## [Recorded information]
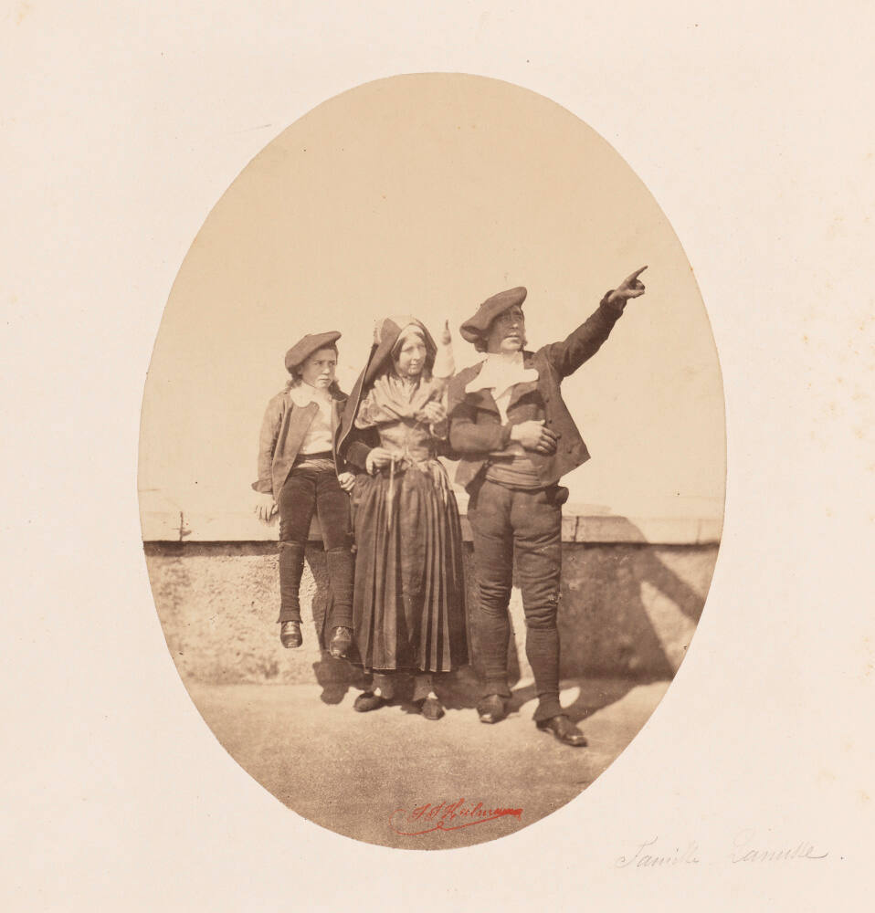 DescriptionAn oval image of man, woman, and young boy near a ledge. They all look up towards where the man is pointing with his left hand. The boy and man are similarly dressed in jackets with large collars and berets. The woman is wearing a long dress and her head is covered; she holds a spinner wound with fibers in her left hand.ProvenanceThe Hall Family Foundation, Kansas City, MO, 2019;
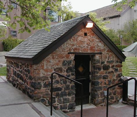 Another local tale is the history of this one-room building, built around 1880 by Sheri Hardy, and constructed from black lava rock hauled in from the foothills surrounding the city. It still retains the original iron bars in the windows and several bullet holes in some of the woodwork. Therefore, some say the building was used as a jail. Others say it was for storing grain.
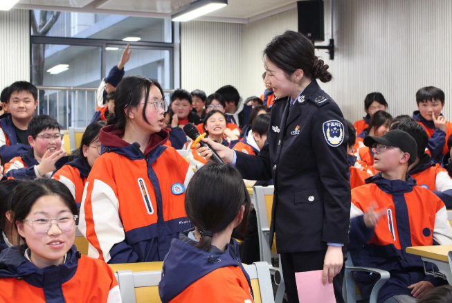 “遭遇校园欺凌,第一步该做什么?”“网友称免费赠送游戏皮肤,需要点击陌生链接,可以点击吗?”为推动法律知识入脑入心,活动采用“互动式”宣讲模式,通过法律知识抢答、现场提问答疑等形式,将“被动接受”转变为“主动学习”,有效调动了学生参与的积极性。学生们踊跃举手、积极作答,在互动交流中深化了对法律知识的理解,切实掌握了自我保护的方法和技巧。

## [Aim of the exercise]
Keeping every word as it is, write out all the data and omit the pictures.

## [Solution]
 DescriptionAn oval image of man, woman, and young boy near a ledge. They all look up towards where the man is pointing with his left hand. The boy and man are similarly dressed in jackets with large collars and berets. The woman is wearing a long dress and her head is covered; she holds a spinner wound with fibers in her left hand.ProvenanceThe Hall Family Foundation, Kansas City, MO, 2019;
 Another local tale is the history of this one-room building, built around 1880 by Sheri Hardy, and constructed from black lava rock hauled in from the foothills surrounding the city. It still retains the original iron bars in the windows and several bullet holes in some of the woodwork. Therefore, some say the building was used as a jail. Others say it was for storing grain.
 “遭遇校园欺凌,第一步该做什么?”“网友称免费赠送游戏皮肤,需要点击陌生链接,可以点击吗?”为推动法律知识入脑入心,活动采用“互动式”宣讲模式,通过法律知识抢答、现场提问答疑等形式,将“被动接受”转变为“主动学习”,有效调动了学生参与的积极性。学生们踊跃举手、积极作答,在互动交流中深化了对法律知识的理解,切实掌握了自我保护的方法和技巧。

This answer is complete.